2019年7月22日月曜日

2019.07.07 歌劇「歌法師 蓮生」 宇都宮市民芸術祭40周年記念事業

宇都宮市文化会館 大ホール

● 開演は午後2時。チケットはSとAの2種。行こうか行くまいか。後者に傾いていた。が,その傾きを押し返して,出かけてみましたよということ。
 なので,当日券を買って入場した。A席の当日券が3,500円。

● 鎌倉幕府の御家人であった,宇都宮家第5代当主の宇都宮頼綱が出家して実信房蓮生と号した。その蓮生が物語の主人公。
 「百人一首の生みの親「歌法師 蓮生」物語」というのが副題なんだけれども,いくら何でもそれは言いすぎだろうと思われることはさておく。
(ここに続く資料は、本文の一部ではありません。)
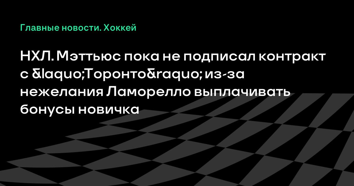 НХЛ. Мэттьюс пока не подписал контракт с «Торонто» из-за нежелания Ламорелло выплачивать бонусы новичка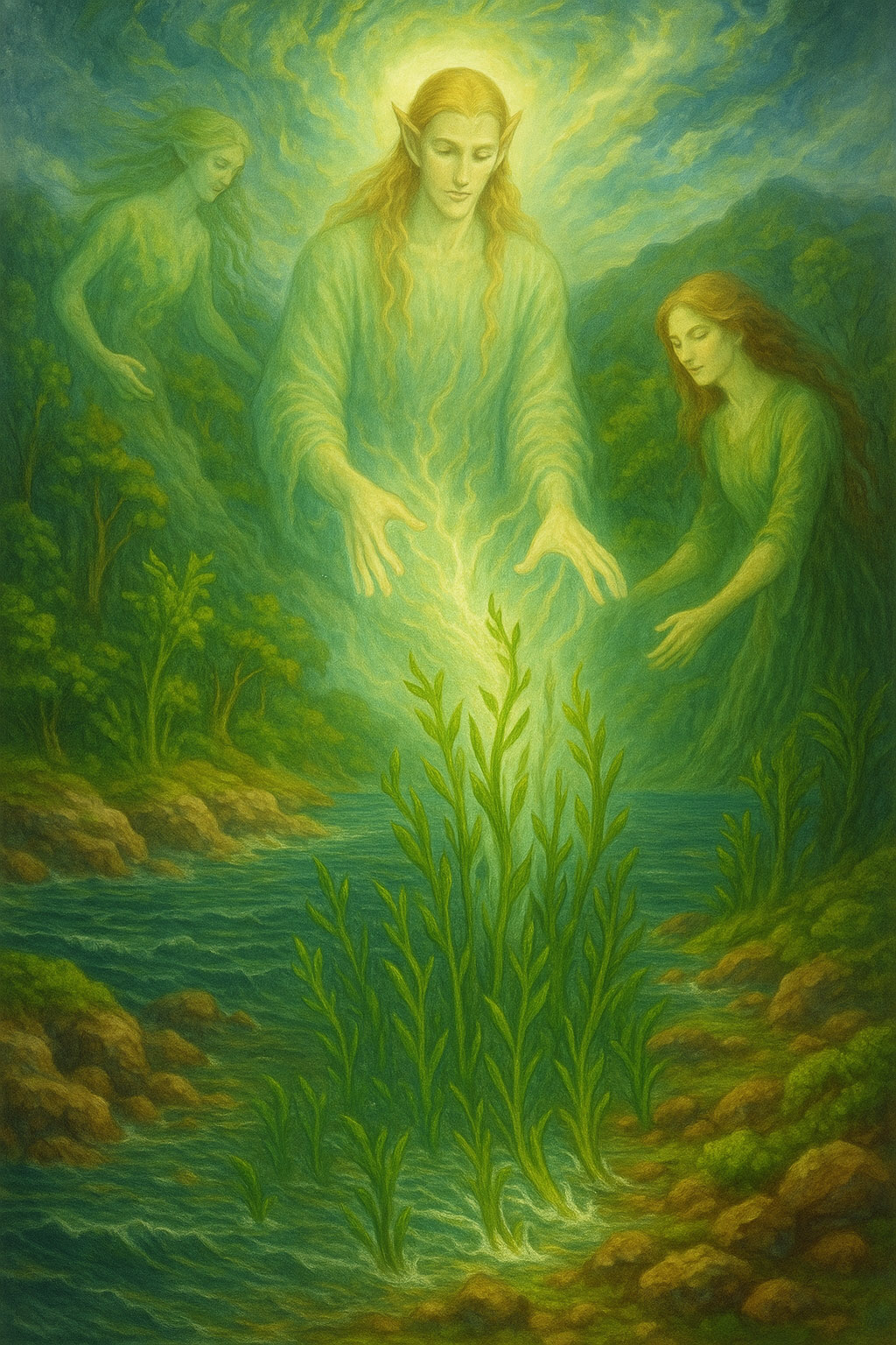 Так и разыгралось первичное столкновение энергетических начал реальности: с одной стороны выступали альвы и духи растительности, объединённые энергиями структуры и роста, а с другой — фоморы, существа огня, врывающиеся в проявленный мир, которым не было дела до жизни и гармонии. При этом альвы впервые деятельно поучаствовали в этическом выборе, в действии, в истории, и с этого момента история Земли становится еще и драмой сознания.

● さておくけれども,小倉百人一首は藤原定家が編纂したものであって,だからこそ価値を持つ。室町後期に出た「宗祇抄」によって,小倉百人一首は一般にも知られるようになった。それによって,蓮生の名も後世に残ることになった。
 蓮生は発注者には違いないし,発注できるだけの財と縁戚関係を築いていたことは間違いないけれども,触媒としての役割に限ってもその功績は限定的ではないか。蓮生は歌人としてよりもむしろ武人として,あるいは事業家として,時代に対して貢献しているように思われる。

● 蓮生は伊予国守護にも任ぜられている。彼自身が任地に赴いたのかどうかは知らないけれども,愛媛県の西部(大洲,八幡浜,宇和島あたり)には,かなりの数の宇都宮さんがいる。
 彼らのすべてが宇都宮氏の子孫かどうかはわからないが,宇都宮氏の子孫が宇都宮市に存在しているとは聞いたことがない。本貫の地ではなく遠く離れたところに命脈を保っているのは,しかし,普通にあることだろう。

● 蓮生は88歳で京都で没している。当時の88歳だ。歌にだけ没頭していた,内省的で青白きインテリであったはずがない。
 彼にとっての歌は,おそらくそれなしではすまないというものではなく,スタイルのひとつに過ぎなかったのではないかと思ってみる。宇都宮歌壇というのも,自分を装飾するもののひとつだったと見なしていたろう。
 若い頃の波瀾万丈や散財を思うと,遊びも派手であったろう。むしろ,そういうところにぼくは惹かれる。誰か彼の人物像を再造形してくれないだろうか。

● ところで,これはオペラなのかオペラとは似て非なるものなのか,面白いのかつまらないのか。どうもよくわからなかった。判別がつかない。
 まず,合唱を除くと歌らしきものがない。第2幕第1場の為家と小萩の二重唱が唯一の例外。あとは歌なのか節の付いた台詞回しなのか,どうもよくわからん。

● その台詞が冗長だ。冗長と感じるのは台詞で状況や経過の説明をしているからで,その説明はすべて要らないのじゃないか。
 なぜかというに,傀儡子を3人も登場させて,説明を請け負わせているからだ。それで背景は充分にわかる。

● それとは別に,言葉の刈り込みが足らないと感じた。というか,刈り込んでいない。足し算ばかりで引き算がない。
 まぁ,引き算は気づきにくいから,きちんと抑制は効かせてあったのに,こちらが感知できなかっただけかもしれない。その可能性は大きい。
 その上での話なのだが,その台詞を聴かされるのは,たとえ節が乗っていたとしても,けっこう辛い。

● 逆にいうと,この脚本でここまで持ってこれたのは大したものだとも思う。照明の使い方,セットの使い回しといった舞台設営の妙もあるのだけれど,蓮生の奥方の初瀬を演じた伊藤裕美さんの功績が大きい。
 それから,舞台袖に控えて尺八を担当した福田智久山さん。この尺八がじつにもって効果的で,空気を切り裂かないのに鋭角的に遠くまで吹き渡っていく。不思議な調べだな。
 千年前の京都という設定にうまくはまるのだ。この舞台の前提には“幽玄”が横たわっている。いや,そうであるはずだという前提にこちらが立ってしまっている。その浅はかな思い込みかもしれないこちらの姿勢に,尺八は絶妙に絡んでくる。

● 結局のところ,オペラっていうのは,演者の個人技の集積だと思っている。総合芸術には違いないんだろうけど,核にあるのは個人技。脚本だの演出だのは,その邪魔さえしなければそれでいい。
 どうもモヤッとしたものが残るのは,その個人技を十全に出させていなかったからではないか,と。